Instructions to follow -
Using the listing below, retype only the lines from the line with "Refined pair of" through the end, both ends included, and exclude the pictures.

Data below -
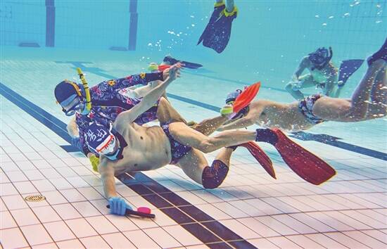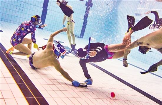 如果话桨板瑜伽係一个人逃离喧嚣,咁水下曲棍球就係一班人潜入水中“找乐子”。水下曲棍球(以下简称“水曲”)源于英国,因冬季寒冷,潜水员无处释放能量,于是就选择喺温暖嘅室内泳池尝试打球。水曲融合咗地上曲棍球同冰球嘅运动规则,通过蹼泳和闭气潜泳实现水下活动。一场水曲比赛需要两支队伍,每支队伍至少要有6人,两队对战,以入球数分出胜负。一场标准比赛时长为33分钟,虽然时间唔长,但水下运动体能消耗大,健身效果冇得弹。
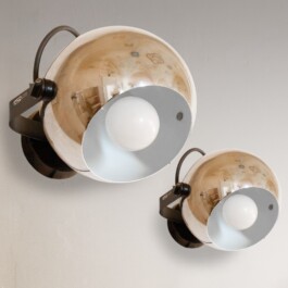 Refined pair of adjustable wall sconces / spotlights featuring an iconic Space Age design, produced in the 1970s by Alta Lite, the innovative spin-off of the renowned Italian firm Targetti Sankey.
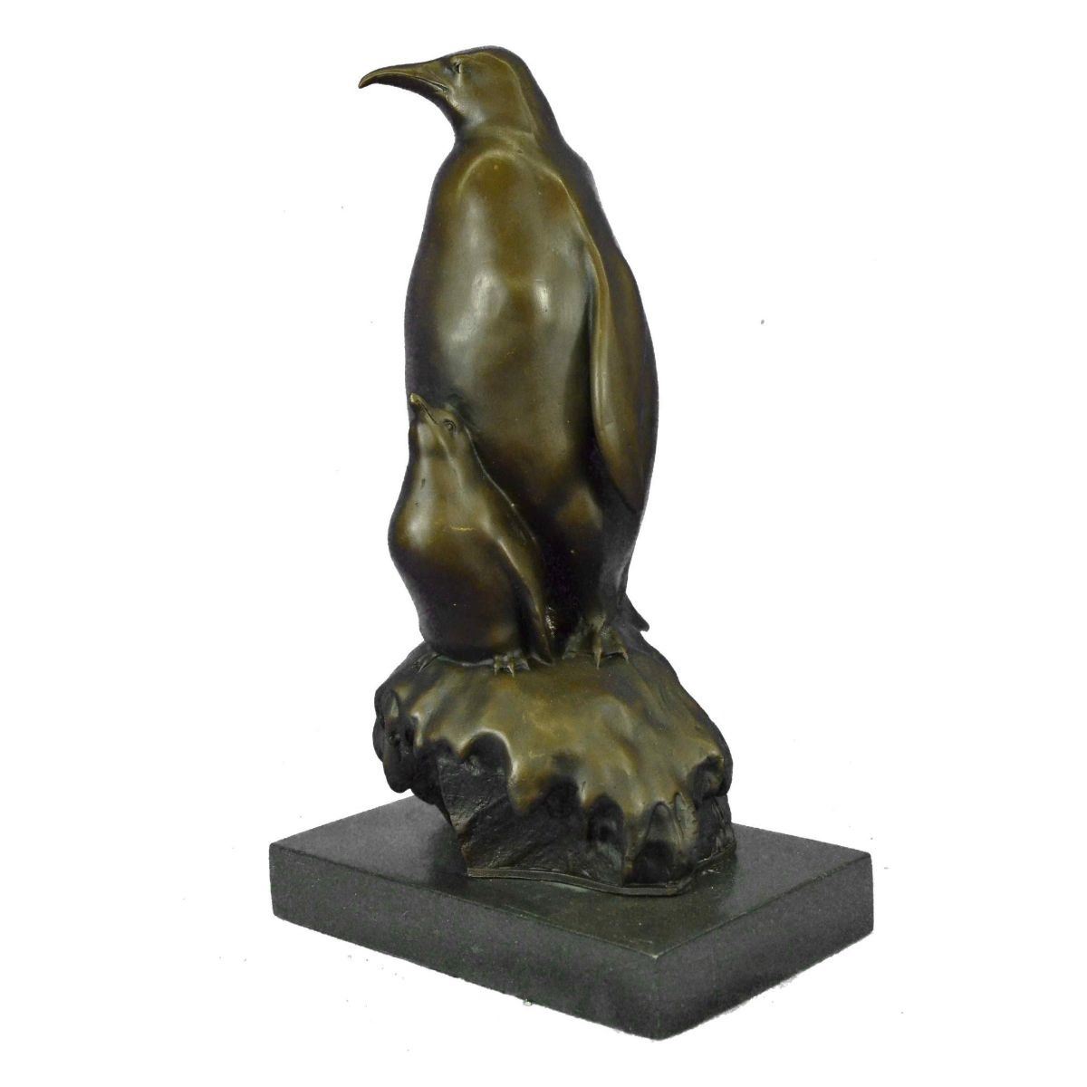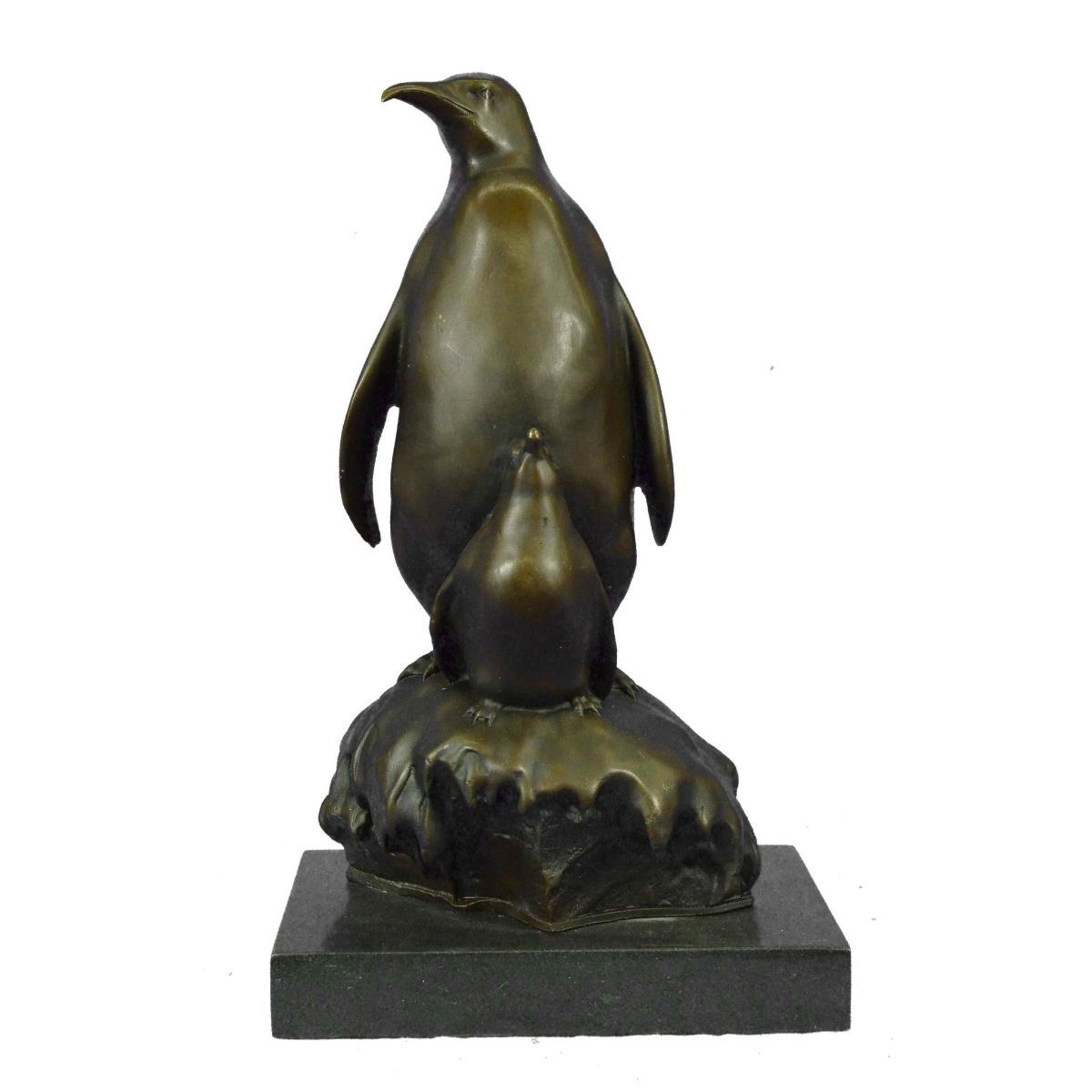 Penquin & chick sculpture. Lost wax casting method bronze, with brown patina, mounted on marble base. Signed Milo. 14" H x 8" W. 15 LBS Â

The completed task -
 Refined pair of adjustable wall sconces / spotlights featuring an iconic Space Age design, produced in the 1970s by Alta Lite, the innovative spin-off of the renowned Italian firm Targetti Sankey.
 Penquin & chick sculpture. Lost wax casting method bronze, with brown patina, mounted on marble base. Signed Milo. 14" H x 8" W. 15 LBS Â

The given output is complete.